Top of Supplied data

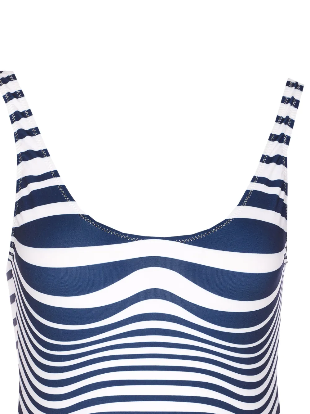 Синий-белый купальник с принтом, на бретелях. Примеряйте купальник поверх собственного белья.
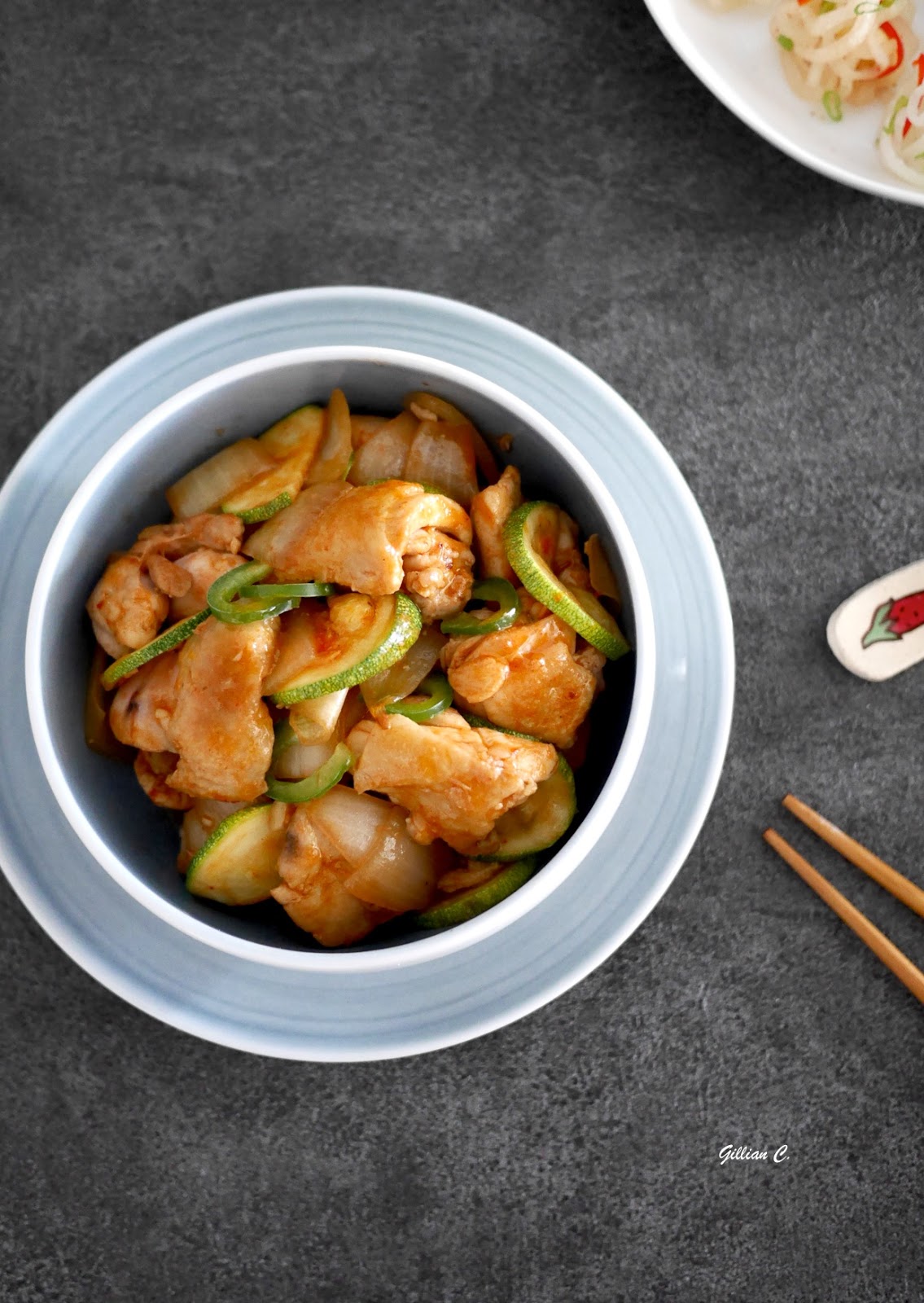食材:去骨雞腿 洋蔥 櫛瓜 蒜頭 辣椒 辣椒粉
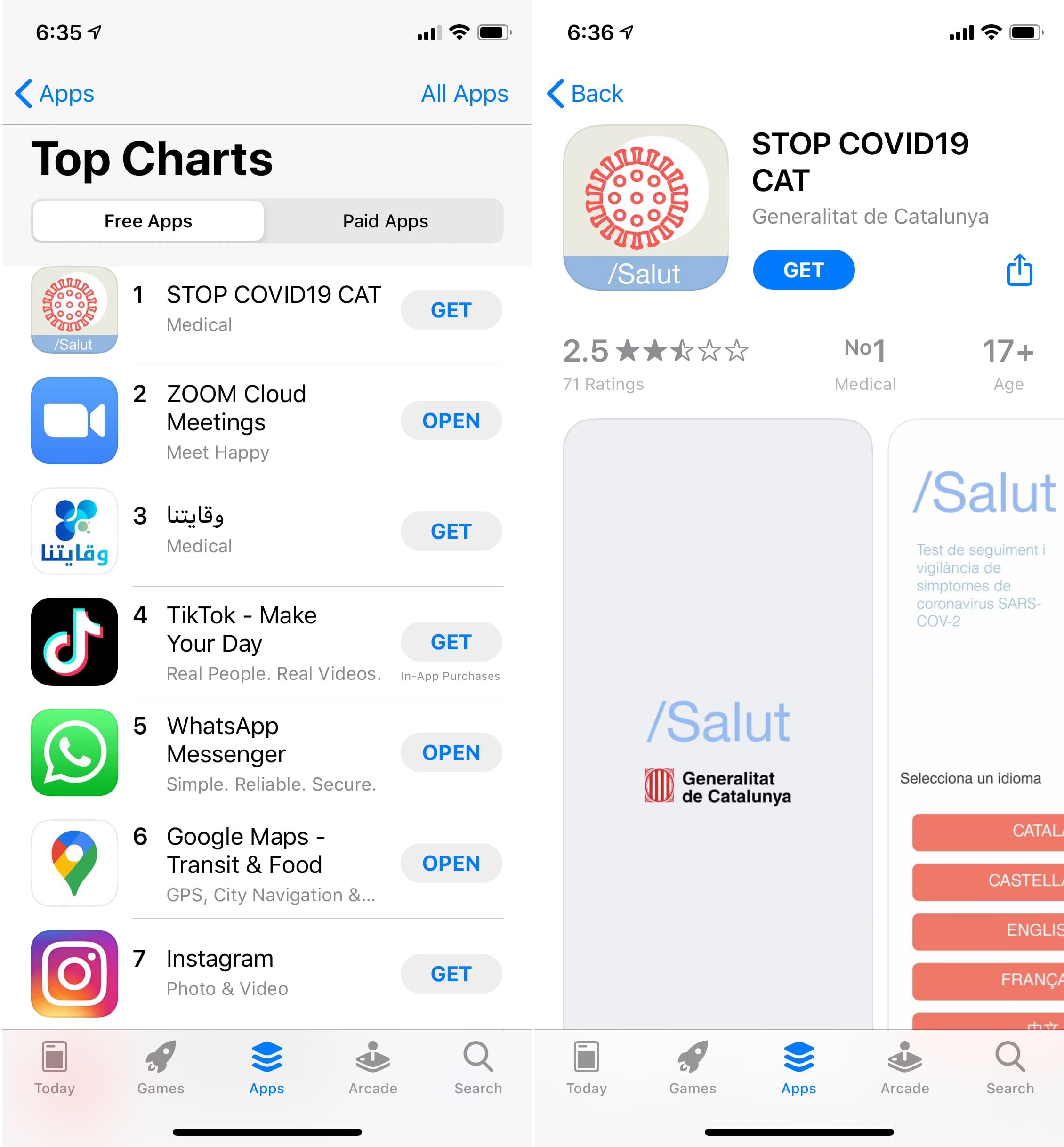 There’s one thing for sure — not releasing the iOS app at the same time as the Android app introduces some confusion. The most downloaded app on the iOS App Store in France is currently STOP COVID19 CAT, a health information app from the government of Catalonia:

Bottom of Supplied data

▶ Problem description
Copy exactly, please, every line from the one holding "食材:去骨雞腿 洋蔥 櫛瓜 蒜頭 辣椒 辣椒粉" through the last line of the data, both ends included, and no pictures.

▶ Solution for this task
食材:去骨雞腿 洋蔥 櫛瓜 蒜頭 辣椒 辣椒粉
 There’s one thing for sure — not releasing the iOS app at the same time as the Android app introduces some confusion. The most downloaded app on the iOS App Store in France is currently STOP COVID19 CAT, a health information app from the government of Catalonia:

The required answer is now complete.